##### INPUT DATA #####
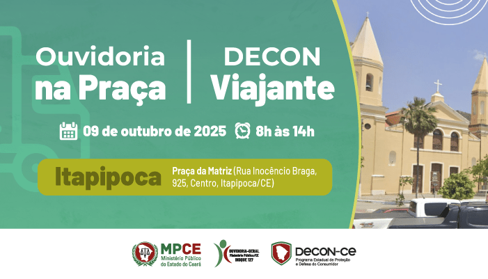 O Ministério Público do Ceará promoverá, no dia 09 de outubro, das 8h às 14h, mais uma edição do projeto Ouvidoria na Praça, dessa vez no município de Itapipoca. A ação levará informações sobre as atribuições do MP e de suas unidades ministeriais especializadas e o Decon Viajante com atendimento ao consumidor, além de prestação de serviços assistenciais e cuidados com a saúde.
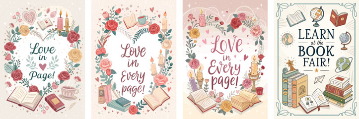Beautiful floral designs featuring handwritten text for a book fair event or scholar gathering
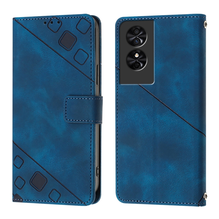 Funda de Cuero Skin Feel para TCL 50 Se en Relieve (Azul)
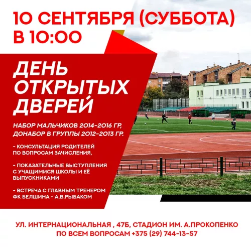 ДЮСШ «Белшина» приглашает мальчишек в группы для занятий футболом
#####
##### INPUT DATA #####
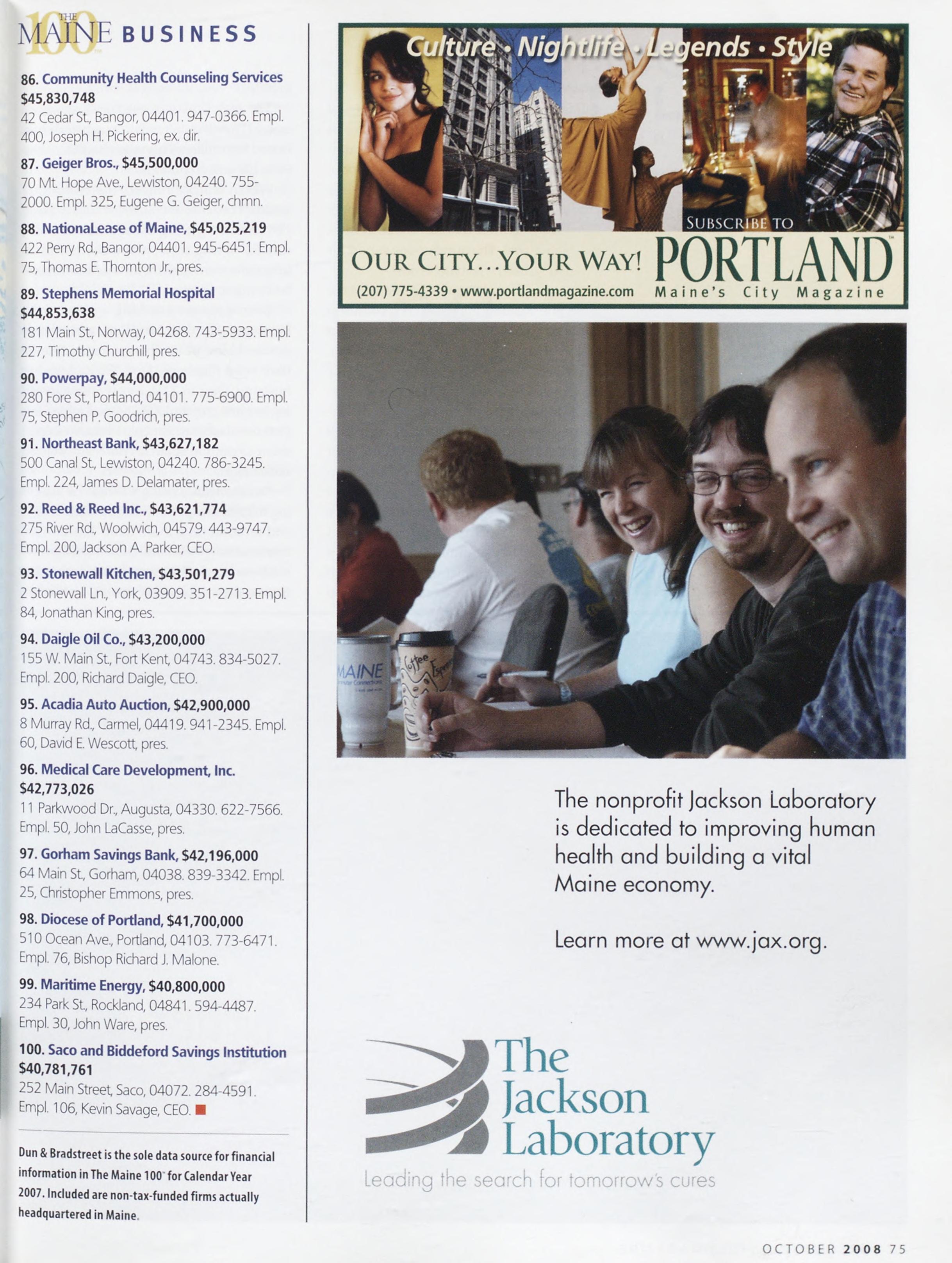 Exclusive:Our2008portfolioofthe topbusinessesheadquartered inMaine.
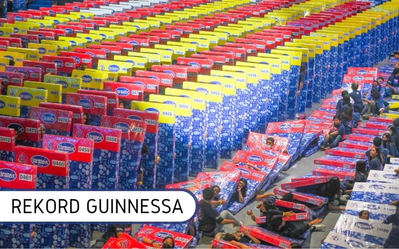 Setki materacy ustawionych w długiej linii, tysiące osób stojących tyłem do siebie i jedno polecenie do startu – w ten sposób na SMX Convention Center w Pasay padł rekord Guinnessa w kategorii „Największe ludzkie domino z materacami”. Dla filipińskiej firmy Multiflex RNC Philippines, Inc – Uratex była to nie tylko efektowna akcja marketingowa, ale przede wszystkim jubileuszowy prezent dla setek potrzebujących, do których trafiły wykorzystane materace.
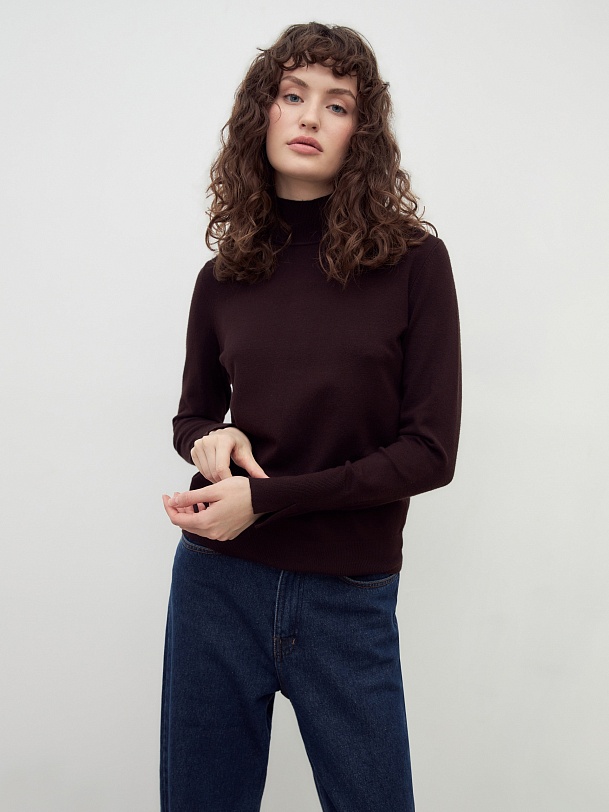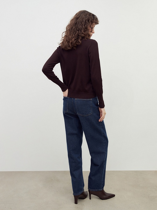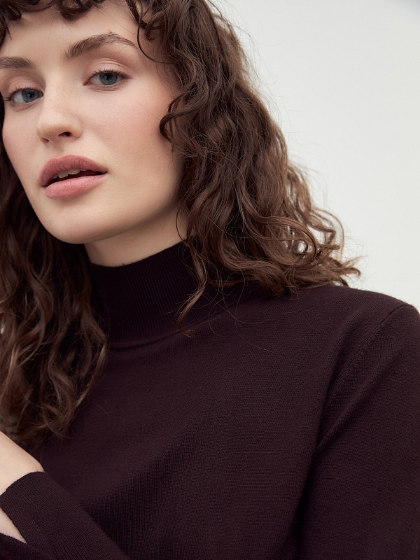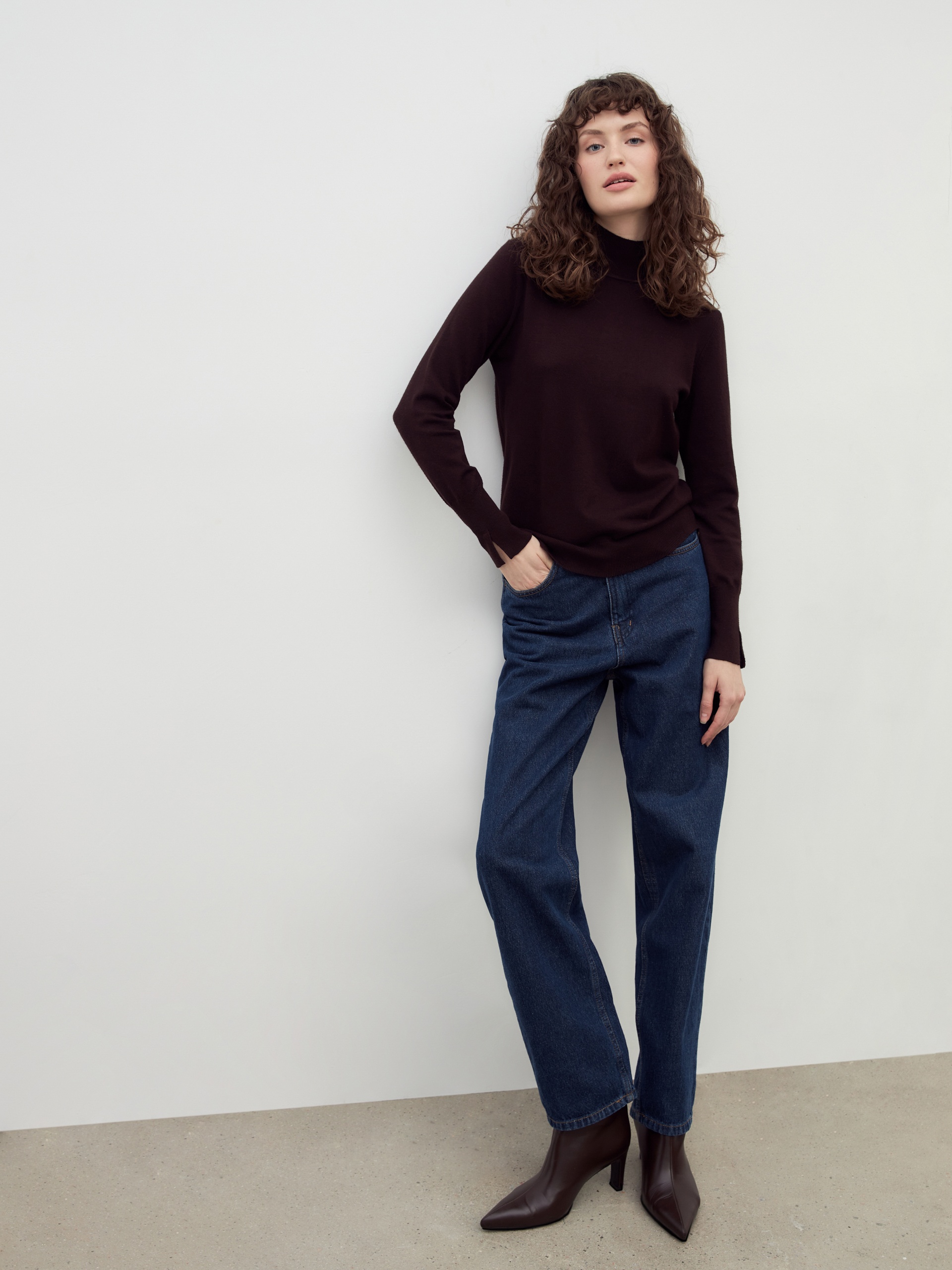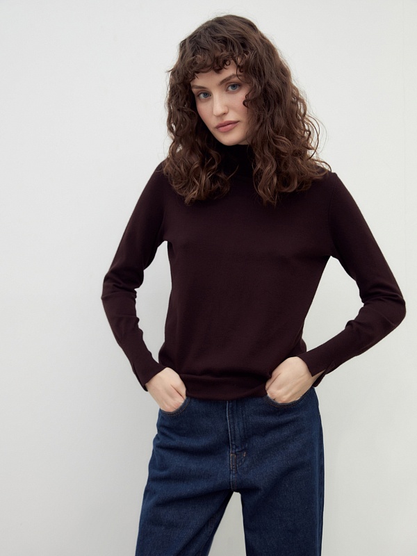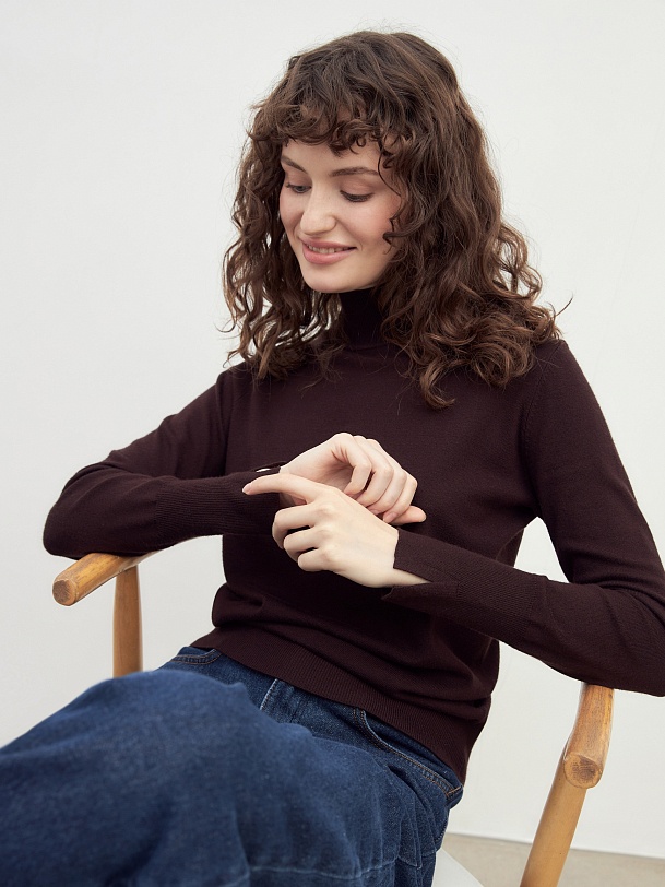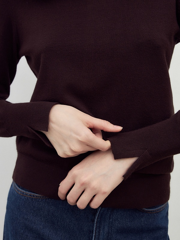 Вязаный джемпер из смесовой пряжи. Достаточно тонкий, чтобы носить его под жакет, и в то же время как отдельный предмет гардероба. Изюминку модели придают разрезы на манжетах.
#####
##### INPUT DATA #####
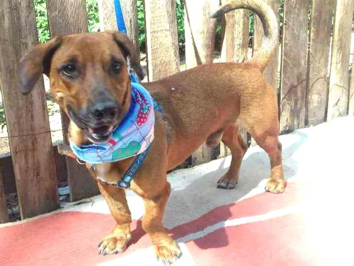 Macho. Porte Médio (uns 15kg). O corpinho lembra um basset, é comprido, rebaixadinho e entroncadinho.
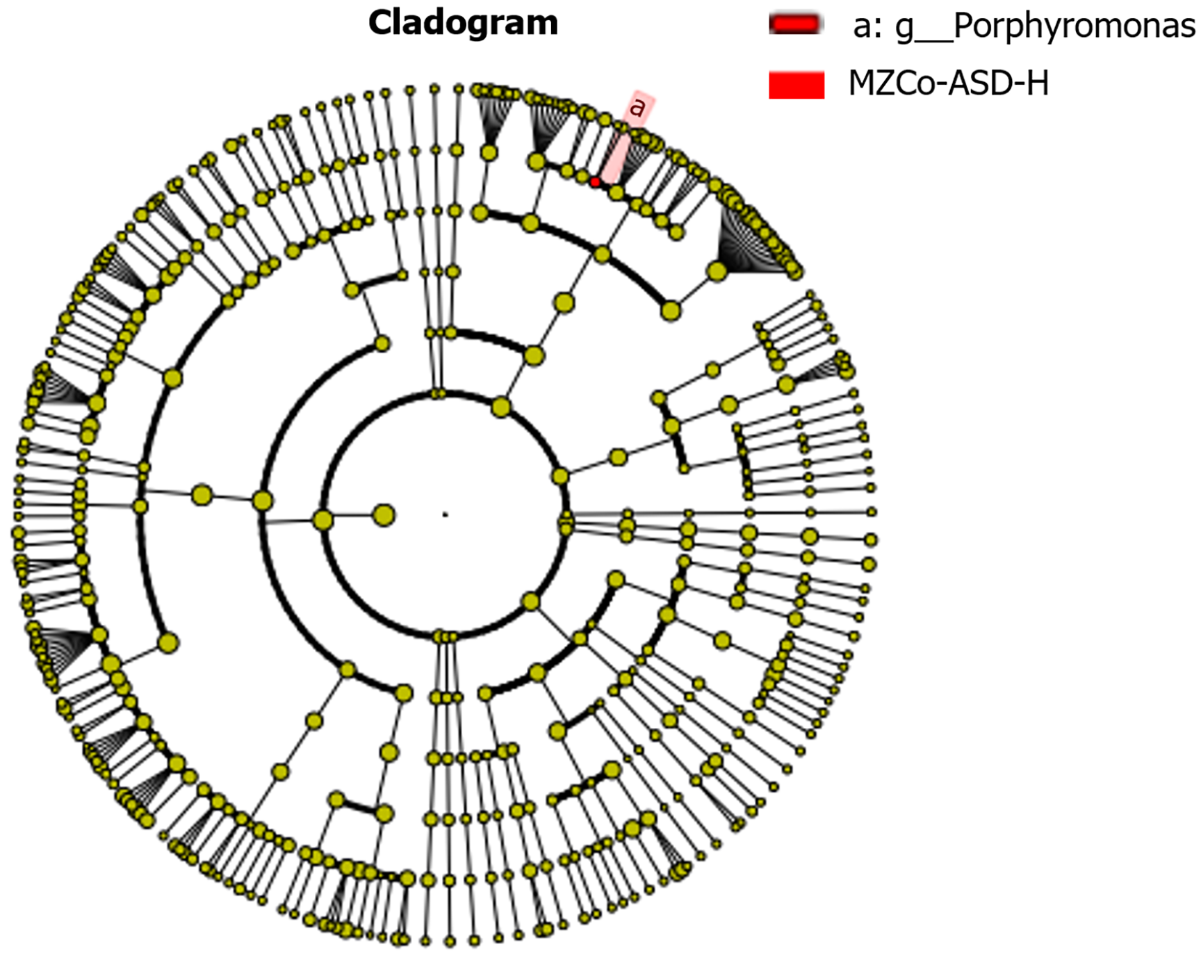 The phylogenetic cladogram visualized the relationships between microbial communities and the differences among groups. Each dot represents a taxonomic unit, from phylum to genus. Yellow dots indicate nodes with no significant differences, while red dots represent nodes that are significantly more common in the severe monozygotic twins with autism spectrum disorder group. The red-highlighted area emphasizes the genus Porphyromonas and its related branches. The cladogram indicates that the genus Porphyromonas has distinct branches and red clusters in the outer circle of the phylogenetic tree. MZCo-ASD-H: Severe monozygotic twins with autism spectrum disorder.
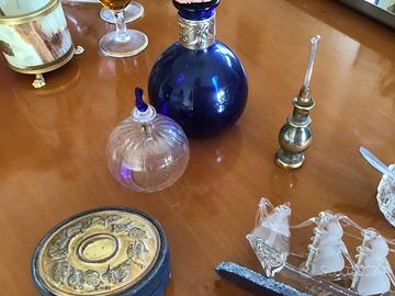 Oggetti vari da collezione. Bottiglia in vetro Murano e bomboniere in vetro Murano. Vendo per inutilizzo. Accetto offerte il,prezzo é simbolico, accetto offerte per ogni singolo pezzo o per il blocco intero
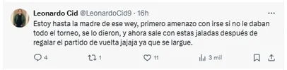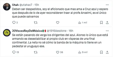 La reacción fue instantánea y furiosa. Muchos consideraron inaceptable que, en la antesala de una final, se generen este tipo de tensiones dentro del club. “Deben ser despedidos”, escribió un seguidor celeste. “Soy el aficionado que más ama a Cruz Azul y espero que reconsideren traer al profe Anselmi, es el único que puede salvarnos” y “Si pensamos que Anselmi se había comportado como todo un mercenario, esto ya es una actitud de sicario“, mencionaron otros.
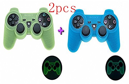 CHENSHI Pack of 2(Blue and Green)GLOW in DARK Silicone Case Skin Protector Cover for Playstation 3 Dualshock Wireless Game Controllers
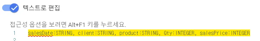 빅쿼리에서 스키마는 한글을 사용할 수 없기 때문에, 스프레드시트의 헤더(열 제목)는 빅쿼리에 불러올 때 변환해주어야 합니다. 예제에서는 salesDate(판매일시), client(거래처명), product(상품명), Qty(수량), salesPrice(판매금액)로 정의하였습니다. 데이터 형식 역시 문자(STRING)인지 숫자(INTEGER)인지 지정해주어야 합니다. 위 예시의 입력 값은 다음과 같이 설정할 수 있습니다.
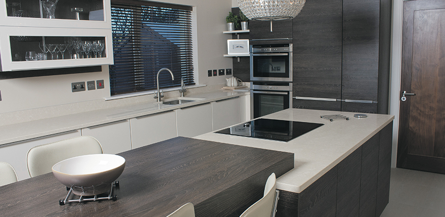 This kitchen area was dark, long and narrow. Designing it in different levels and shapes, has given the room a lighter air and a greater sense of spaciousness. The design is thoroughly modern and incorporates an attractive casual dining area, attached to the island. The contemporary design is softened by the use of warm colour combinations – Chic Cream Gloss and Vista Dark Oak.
#####
**WHAT YOU HAVE TO DO:** The stretch above running from the line with "The phylogenetic cladogram" through the line with "This kitchen area" is all you should copy, exactly, leaving out the pictures.

**SOLUTION TO THE EXERCISE:**
 The phylogenetic cladogram visualized the relationships between microbial communities and the differences among groups. Each dot represents a taxonomic unit, from phylum to genus. Yellow dots indicate nodes with no significant differences, while red dots represent nodes that are significantly more common in the severe monozygotic twins with autism spectrum disorder group. The red-highlighted area emphasizes the genus Porphyromonas and its related branches. The cladogram indicates that the genus Porphyromonas has distinct branches and red clusters in the outer circle of the phylogenetic tree. MZCo-ASD-H: Severe monozygotic twins with autism spectrum disorder.
 Oggetti vari da collezione. Bottiglia in vetro Murano e bomboniere in vetro Murano. Vendo per inutilizzo. Accetto offerte il,prezzo é simbolico, accetto offerte per ogni singolo pezzo o per il blocco intero
 La reacción fue instantánea y furiosa. Muchos consideraron inaceptable que, en la antesala de una final, se generen este tipo de tensiones dentro del club. “Deben ser despedidos”, escribió un seguidor celeste. “Soy el aficionado que más ama a Cruz Azul y espero que reconsideren traer al profe Anselmi, es el único que puede salvarnos” y “Si pensamos que Anselmi se había comportado como todo un mercenario, esto ya es una actitud de sicario“, mencionaron otros.
 CHENSHI Pack of 2(Blue and Green)GLOW in DARK Silicone Case Skin Protector Cover for Playstation 3 Dualshock Wireless Game Controllers
 빅쿼리에서 스키마는 한글을 사용할 수 없기 때문에, 스프레드시트의 헤더(열 제목)는 빅쿼리에 불러올 때 변환해주어야 합니다. 예제에서는 salesDate(판매일시), client(거래처명), product(상품명), Qty(수량), salesPrice(판매금액)로 정의하였습니다. 데이터 형식 역시 문자(STRING)인지 숫자(INTEGER)인지 지정해주어야 합니다. 위 예시의 입력 값은 다음과 같이 설정할 수 있습니다.
 This kitchen area was dark, long and narrow. Designing it in different levels and shapes, has given the room a lighter air and a greater sense of spaciousness. The design is thoroughly modern and incorporates an attractive casual dining area, attached to the island. The contemporary design is softened by the use of warm colour combinations – Chic Cream Gloss and Vista Dark Oak.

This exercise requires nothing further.